RECORDED DATA START

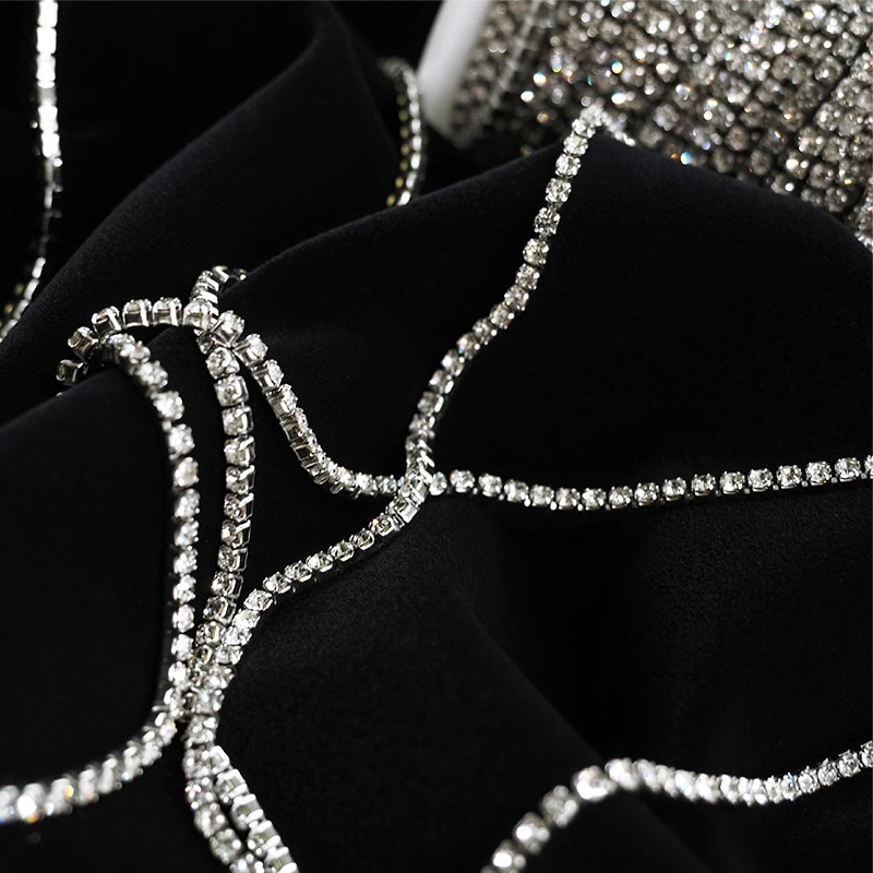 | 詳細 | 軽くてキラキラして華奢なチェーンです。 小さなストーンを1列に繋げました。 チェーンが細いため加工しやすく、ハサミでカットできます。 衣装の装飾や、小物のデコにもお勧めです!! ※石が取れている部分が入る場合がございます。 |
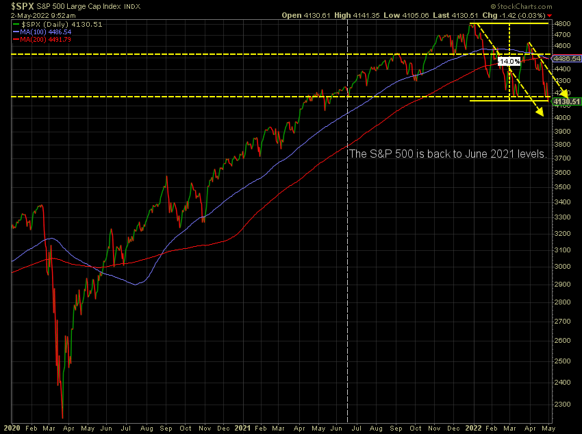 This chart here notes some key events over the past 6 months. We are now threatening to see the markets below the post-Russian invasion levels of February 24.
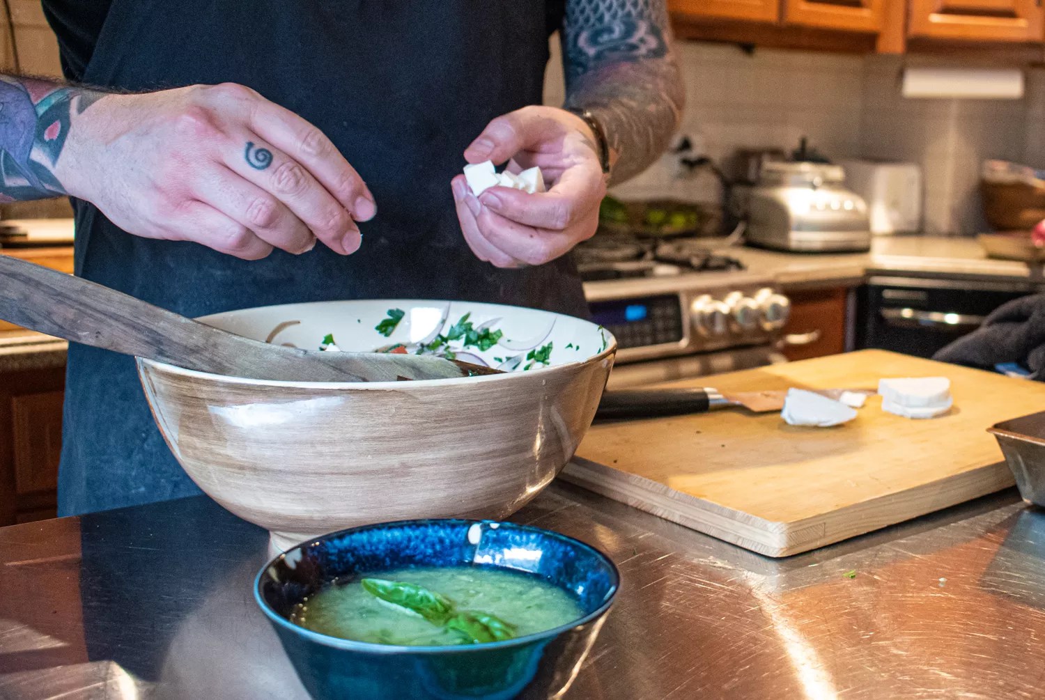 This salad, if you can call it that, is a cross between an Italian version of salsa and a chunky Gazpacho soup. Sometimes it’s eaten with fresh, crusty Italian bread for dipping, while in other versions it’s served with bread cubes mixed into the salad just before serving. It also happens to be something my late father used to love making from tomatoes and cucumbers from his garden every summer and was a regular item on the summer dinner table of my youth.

RECORDED DATA END

# TASK TO CARRY OUT
Reproduce exactly, and only, the lines from the one with "This chart here" to the final line of the listing above; the pictures are to be left out.

# OUTPUT OF THE TASK
 This chart here notes some key events over the past 6 months. We are now threatening to see the markets below the post-Russian invasion levels of February 24.
 This salad, if you can call it that, is a cross between an Italian version of salsa and a chunky Gazpacho soup. Sometimes it’s eaten with fresh, crusty Italian bread for dipping, while in other versions it’s served with bread cubes mixed into the salad just before serving. It also happens to be something my late father used to love making from tomatoes and cucumbers from his garden every summer and was a regular item on the summer dinner table of my youth.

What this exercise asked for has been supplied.